FormatHuman-ReadableSchemaBinaryEvolutionField IdentitySize vs JSONPrimary Use
JSONYesOptionalNoManualField name100%REST APIs, config
XMLYesOptionalNoManualTag name~130%Legacy enterprise
CSVYesNoneNoPoorColumn position~70%Bulk data export
MessagePackNoNoneYesManualField name~80%Redis, compact JSON
ProtobufNoRequiredYesGoodField tag number~40%gRPC, internal RPC
ThriftNoRequiredYesGoodField tag number~42-70%Internal RPC
AvroNoRequiredYesExcellentField name (by schema match)~38%Kafka, Hadoop
FlatBuffersNoRequiredYesGoodField offset~50%Games, HFT

Compatibility Rules Quick Reference

PROTOCOL BUFFERS / THRIFT:
  Add optional field (new tag)  → SAFE    (backward + forward)
  Remove optional field          → SAFE    (tag becomes unused)
  Rename field                   → SAFE    (name not in wire)
  Change tag number              → UNSAFE  (old data misinterpreted)
  Add required field             → UNSAFE  (old data missing it)
  Reuse deleted tag              → UNSAFE  (old data re-interpreted)
  Change field type              → UNSAFE  (usually; widening is sometimes OK)

AVRO:
  Add field with default value   → SAFE    (missing in old data → use default)
  Remove field                   → SAFE    (old data has value → ignored)
  Rename field                   → UNSAFE  (name is identity; schema resolution fails)
  Add field without default      → UNSAFE  (old data has no value, no default → error)
  Change field type              → UNSAFE  (unless promotion rules allow it)

JSON:
  Everything                     → MANUAL  (no enforcement; discipline required)

Avro Schema Resolution

Writer's Schema (v1)              Reader's Schema (v2)
─────────────────────             ────────────────────────
field: userName  string  ──────→  field: userName  string
field: age       int     ──────→  field: age       int, default=0
                                  field: email     string, default=""  ← new (gets default)

Rules:
  Writer has field, Reader doesn't      → value IGNORED
  Reader has field, Writer doesn't      → reader uses DEFAULT value
  Both have field, same name            → value USED (type promotion if needed)
  Reader field has no default, Writer   → ERROR (cannot decode)
  lacks the field

Protobuf Wire Format

JSON (81 bytes):                    Protobuf (~33 bytes):
{                                   [tag=1, type=string][len][M][a][r][t][i][n]
  "userName": "Martin",             [tag=2, type=varint][1337 as varint]
  "favoriteNumber": 1337,           [tag=3, type=string][len][d][a][y][d][r]...
  "interests": ["daydreaming"]      [tag=3, type=string][len][h][a][c][k][i][n][g]
}

Key insight: tag number = field identity.
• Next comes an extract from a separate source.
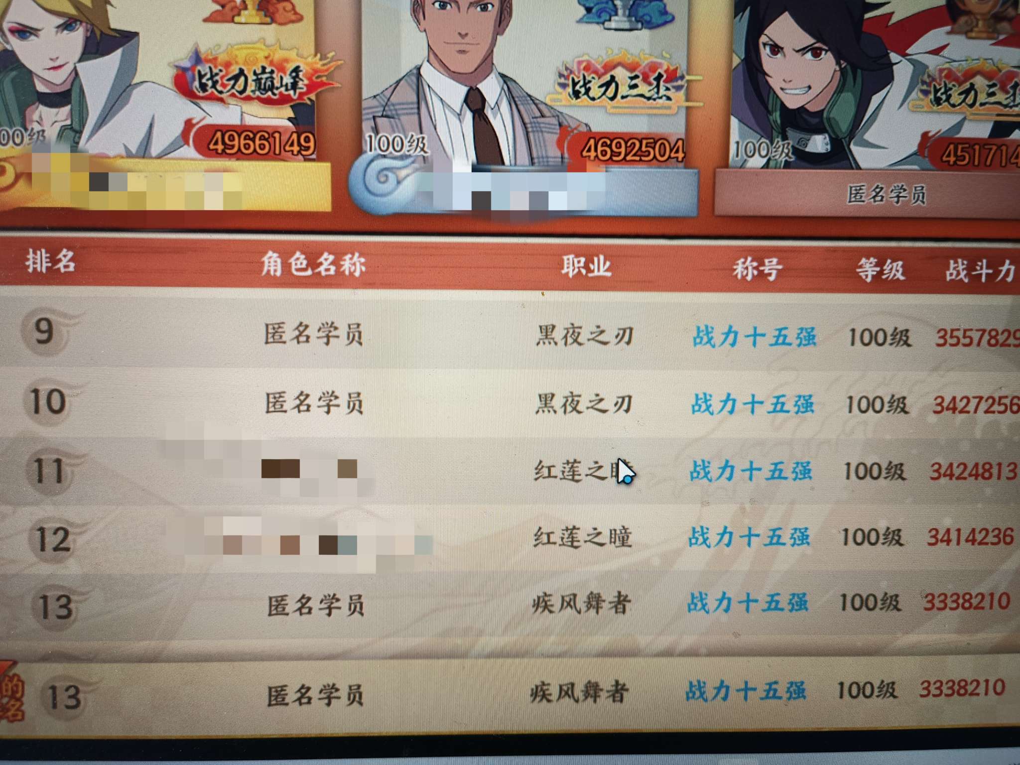 截图之前的,目前战力360,排名第十,先攻六千八,传说有四星四代,四星止水,三星死初三星鸣人可截图
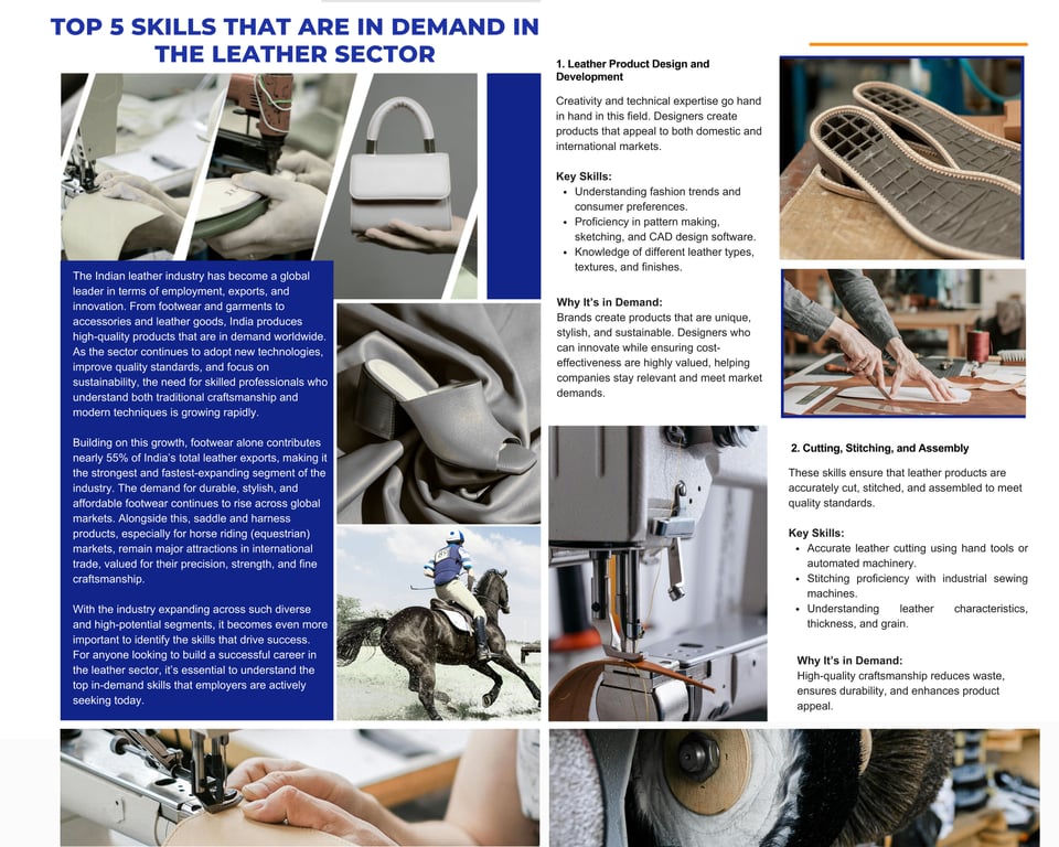 The Indian leather industry has become a global leader in terms of employment, exports, and innovation. From footwear and garments to accessories and leather goods, India produces high-quality products that are in demand worldwide. As the sector continues to adopt new technologies, improve quality standards, and focus on sustainability, the need for skilled professionals who understand both traditional craftsmanship and modern techniques is growing rapidly. Building on this growth, footwear alone contributes nearly 55% of India’s total leather exports, making it the strongest and fastest-expanding segment of the industry. The demand for durable, stylish, and affordable footwear continues to rise across global markets. Alongside this, saddle and harness products, especially for horse riding (equestrian) markets, remain major attractions in international trade, valued for their precision, strength, and fine craftsmanship. With the industry expanding across such diverse and high-potential segments, it becomes even more important to identify the skills that drive success. For anyone looking to build a successful career in the leather sector, it’s essential to understand the top in-demand skills that employers are actively seeking today.

Name is only in the .proto file.
Changing name: SAFE. Changing tag: CORRUPTS existing data.

Three Modes of Dataflow

1. THROUGH DATABASES
   ┌────────┐  encode  ┌──────┐  decode  ┌────────┐
   │ App v1 │ ───────→ │  DB  │ ───────→ │ App v2 │
   └────────┘          └──────┘          └────────┘
   ⚠ Unknown field preservation: App v1 must re-emit fields it doesn't understand
   ⚠ Rolling upgrades: v1 and v2 run simultaneously, both access same DB

2. THROUGH SERVICES (REST/RPC)
   ┌──────────┐  request   ┌──────────┐
   │  Client  │ ─────────→ │  Server  │
   │  (v1)    │ ←───────── │  (v2)    │
   └──────────┘  response  └──────────┘
   ✓ API versioning: /v2/users or Accept header
   ✓ Clients and servers deploy independently

3. THROUGH MESSAGE BROKERS (Kafka/RabbitMQ)
   ┌──────────┐  publish  ┌────────┐  consume  ┌──────────┐
   │ Producer │ ────────→ │ Kafka  │ ────────→ │ Consumer │
   └──────────┘           └────────┘           └──────────┘
   ⚠ Messages may be consumed days after production — must stay decodable
   ⚠ Schema registry mandatory for binary formats

4. THROUGH DURABLE EXECUTION (Temporal/Step Functions)
   ┌──────────────────────────────────────────────────────────┐
   │  Temporal Server (event log in DB)                        │
   │   workflow_started → activity_completed → timer_fired ... │
   └──────────────────────────────────────────────────────────┘
   Worker polls, replays event history, resumes from last checkpoint
   ⚠ Workflow code must be DETERMINISTIC — no time.now(), no random()
   ⚠ Activity inputs/outputs must be backward-compatible across versions

Durable Execution Deep Dive

PROBLEM:
  Step 1: Charge card
  Step 2: Send email
  Step 3: Update inventory
  → Process crashes after Step 1 — what happens to Steps 2 and 3?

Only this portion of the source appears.